Hi,
Tried the 3.3 V to get the charging going today but not much luck.
I used 2 AA batteries at 1.6 Volt in series to create the 3.3V supply and then used a 10kOhm resistor and connected them to the bike. minus of the cell pack to B- and the resistor to one of the pins (tried both, same result)
The display does wake up, goes through it's startup sequence where the speedo will display 111,222,333,444....999 and also the green charge LED lights up steadily throughout the start-up sequence.
The green charge led then goes out for 3 seconds, and then starts to flash rapidly for 10 seconds and then lights up continuously.
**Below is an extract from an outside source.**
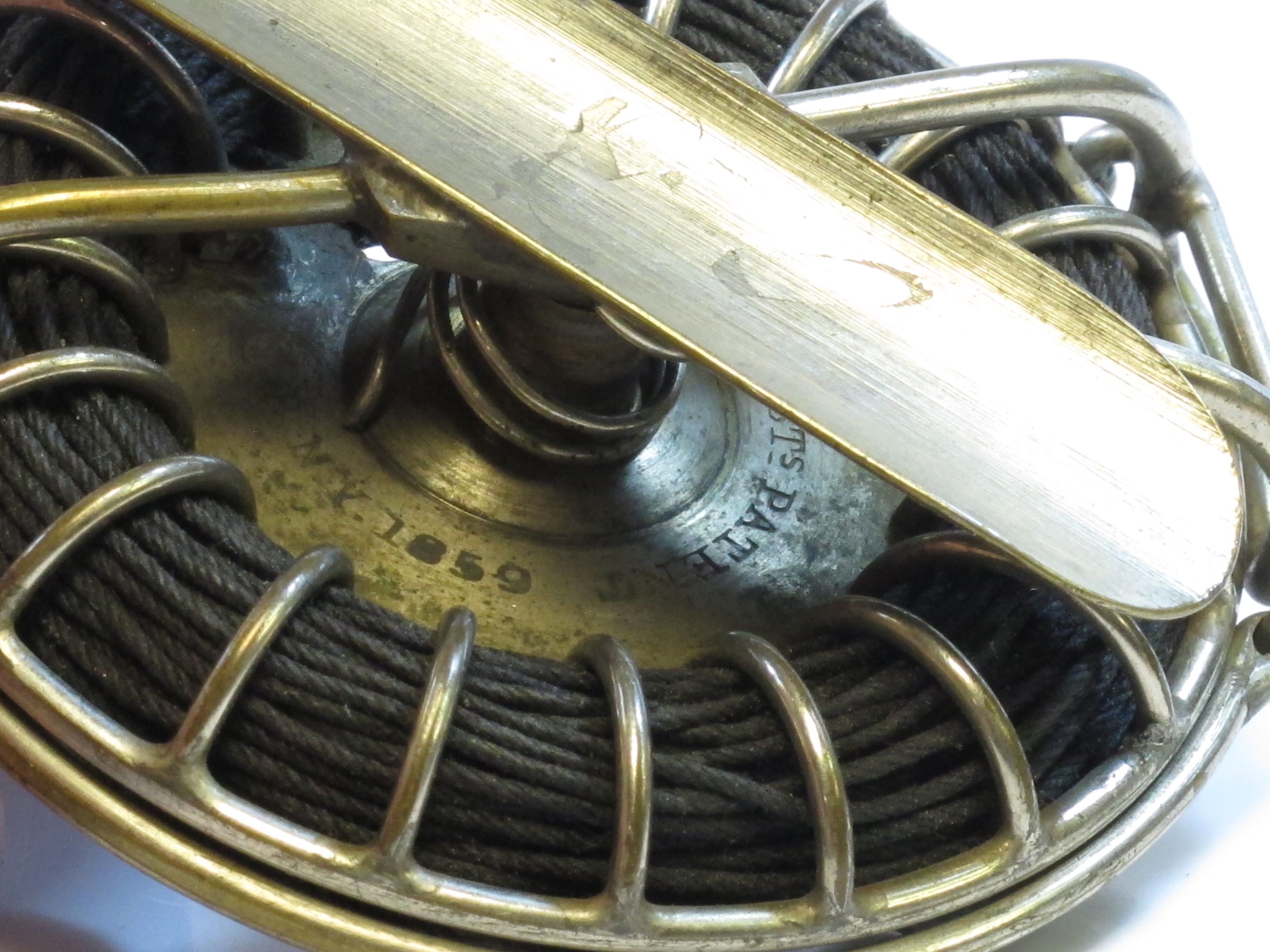 Billinghurst, Rochester, NY, fixed handle, double patent dates: Pat. 1859/ Aug. 9, 1873, diameter 3" side-mount brass reelSOLD |

The clock in the display is also on continuously.
The voltage however remains at 3.3V after the resistor, the bike doesn't pull the line low and also the contractor doesn't engage to enable charging.
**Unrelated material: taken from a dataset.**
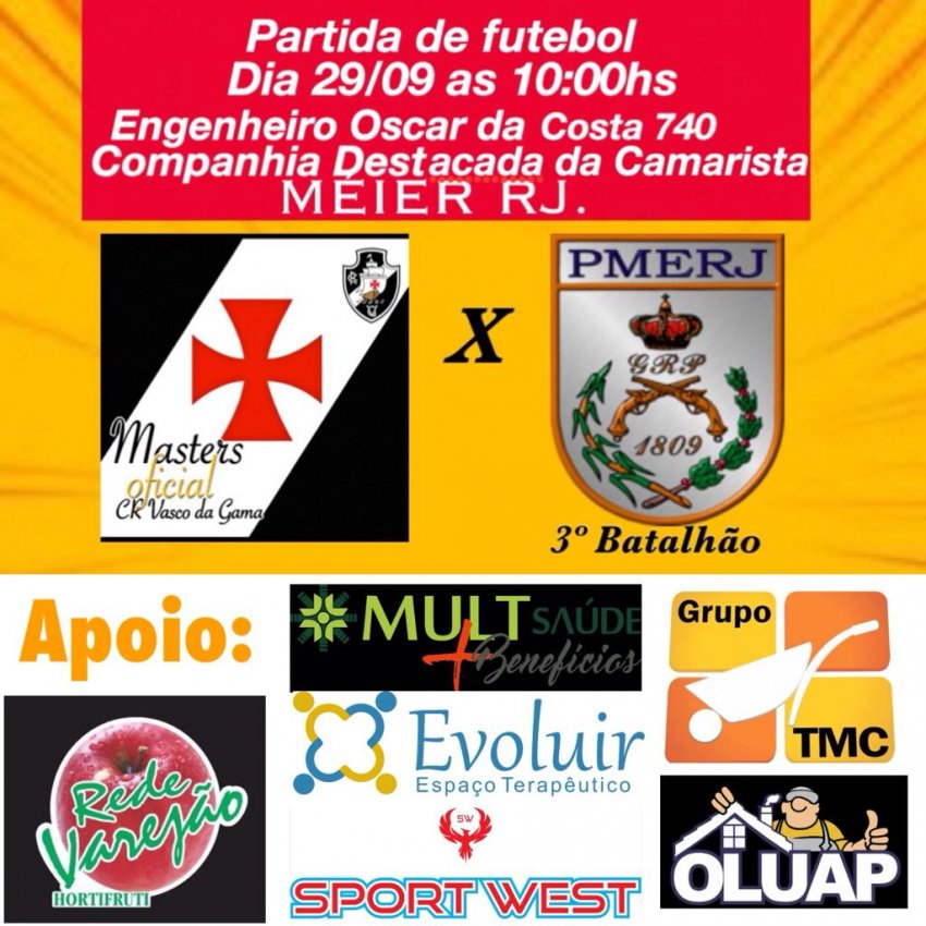 A equipe de Masters do Club de Regatas Vasco da Gama fará uma partida no domingo (29/9) contra o 3º Batalhão de Polícia Militar (Companhia Destacada da Camarista), às 10h, no Méier (Rua Engenheiro Oscar da Costa, 740).

Could this be due to no charge voltage being present (100+ Volt between B- and B+) ?
I don;t have the mean well's at this time but i do have a couple of TDK FPS1000-48 power supplies to charge the pack.
they output 113.4 Volts when adjusted for maximum voltage so that would be around 85% which is fine for me.
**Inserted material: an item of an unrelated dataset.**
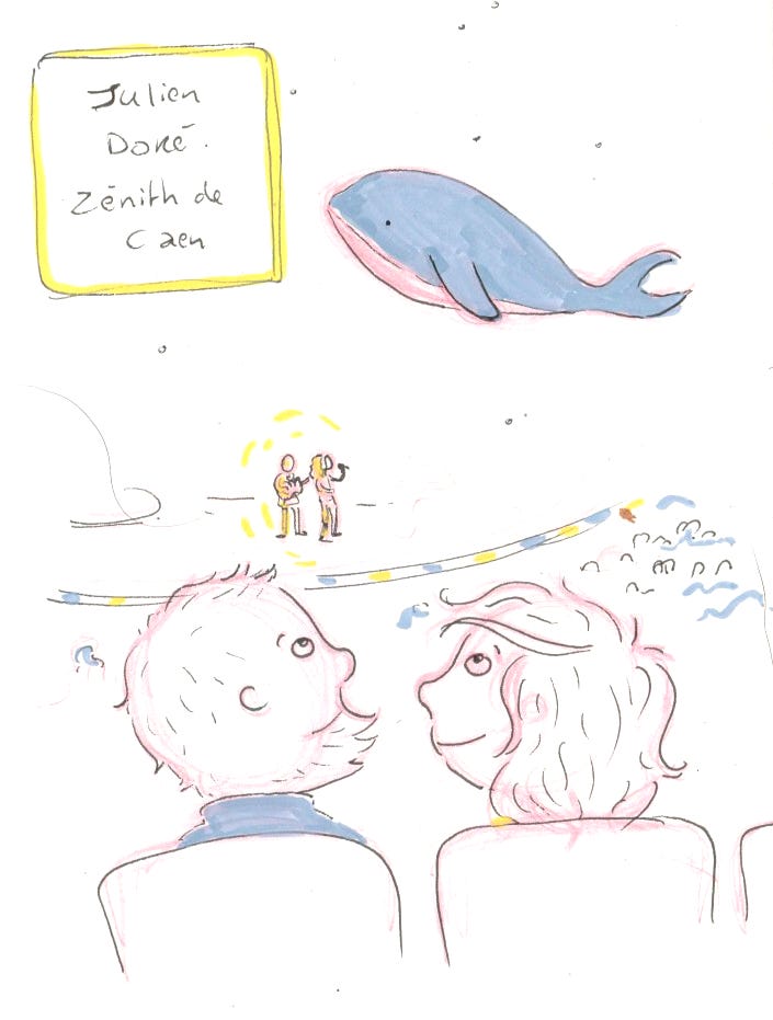 Vendredi 24 octobre. Ce soir, nous sommes allés au concert de Julien Doré au Zénith de Caen. C’était un show de folie où tout était bien orchestré et millimétré. Du bon son, des vidéos, des effets pyrotechniques et … une baleine géante qui a navigué au dessus du public. Même si nous préférons les petites salles, nous avons vraiment aimé ce concert. C’est génial de pouvoir repartir en concert et spectacle3.

These supplies would not be for permanent mounting on the bike but for longer trips and then charge while getting a coffee or a sandwich.
If I use the onboard charger to engage the contractor and use the TDK's to bulk charge I would have 1.3+1+1 = 3.3 kW of charging power.
I also made a small circuit with an AVR microcontroller which measures the battery voltage and do 1 of 3 things.
If the battery voltage is below 98 Volts, which means either not connected, contactor not engaged or charge level below 10% the circuit does nothing.
If the battery voltage is between 98 and 112 Volt first wait 15 seconds (while flashing a LED) and then engage the 2 TDK supplies via a relay (they have on-off control). This should allow the onboard charger to properly start-up.
If the battery voltage goes over 112 Volt the relais disengages, also disengaging the TDK supplies, a LED (charge complete) will light up and the microcontroller is brought into an endless loop (only resettable by cutting and re-applying power or a rest button.
Could it also be that the 2013-2014 charger uses CAN-bus to communicate with the Delta-Q ? Zero does have 2 versions of the delta-Q charger, one for 2011-2012 and one for 2013-2014.